Problem to work on -
Output the listing exactly as written, apart from its pictures.

Dataset section -
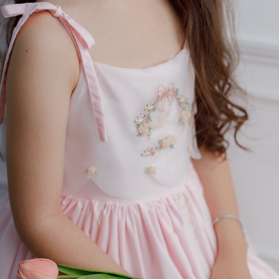 Nouvelle Collection Été Automne 2024 Broderie Perles Sans Manches En Gros Robe Rose Pour Bébé Fille Enfant Mode-Auria
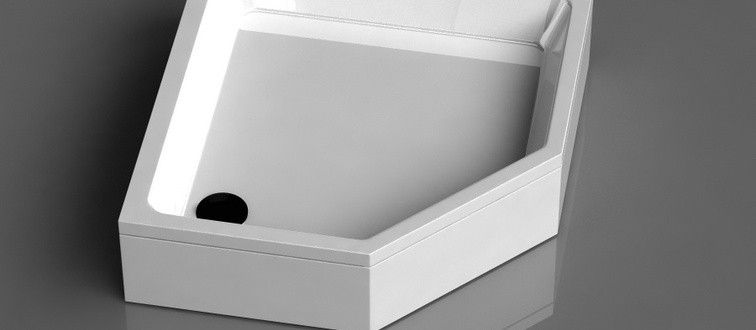Akmens masas paliktnis F-90 90x90x26cm piecstūris, balts ar kājām un paneli
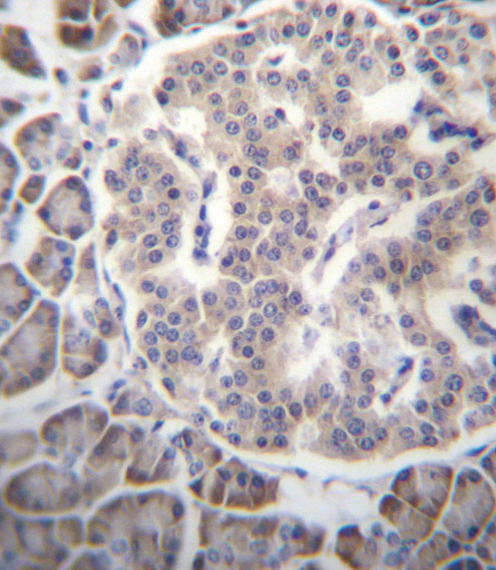 SFRP5 Antibody (Center) (Cat. AMM07763G)immunohistochemistry analysis in formalin fixed and paraffin embedded human pancreas tissue followed by peroxidase conjugation of the secondary antibody and DAB staining.This data demonstrates the use of SFRP5 Antibody (Center) for immunohistochemistry. Clinical relevance has not been evaluated. |
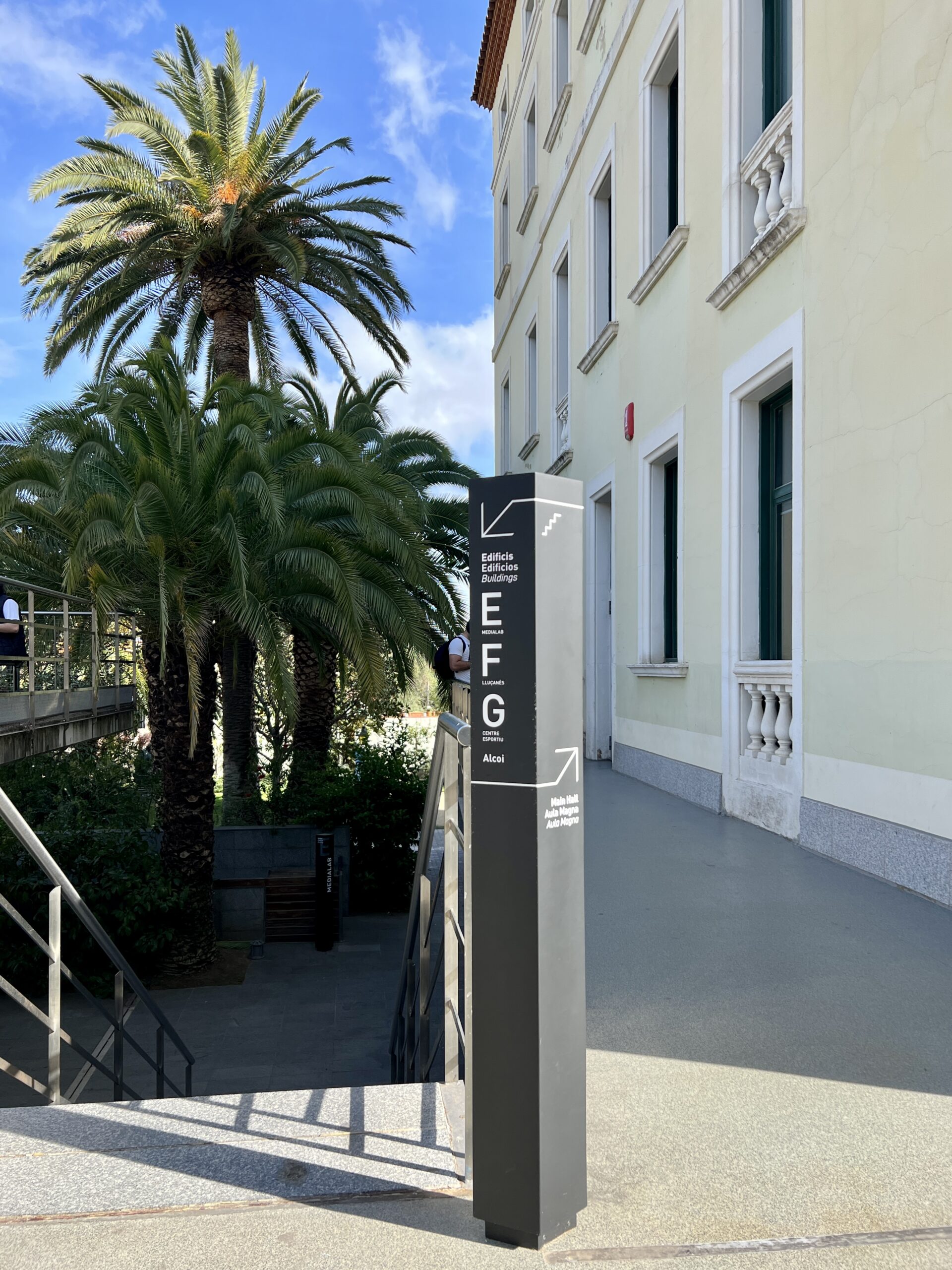 La señalización, integrada con la arquitectura y el paisaje, combina sobriedad formal, legibilidad tipográfica y coherencia gráfica para guiar a estudiantes, profesorado y visitantes de forma intuitiva. El sistema refuerza la identidad del campus y optimiza los flujos de circulación, aportando claridad, orden y una experiencia de usuario más fluida.

Answer to this exercise -
 Nouvelle Collection Été Automne 2024 Broderie Perles Sans Manches En Gros Robe Rose Pour Bébé Fille Enfant Mode-Auria
Akmens masas paliktnis F-90 90x90x26cm piecstūris, balts ar kājām un paneli
 SFRP5 Antibody (Center) (Cat. AMM07763G)immunohistochemistry analysis in formalin fixed and paraffin embedded human pancreas tissue followed by peroxidase conjugation of the secondary antibody and DAB staining.This data demonstrates the use of SFRP5 Antibody (Center) for immunohistochemistry. Clinical relevance has not been evaluated. |
 La señalización, integrada con la arquitectura y el paisaje, combina sobriedad formal, legibilidad tipográfica y coherencia gráfica para guiar a estudiantes, profesorado y visitantes de forma intuitiva. El sistema refuerza la identidad del campus y optimiza los flujos de circulación, aportando claridad, orden y una experiencia de usuario más fluida.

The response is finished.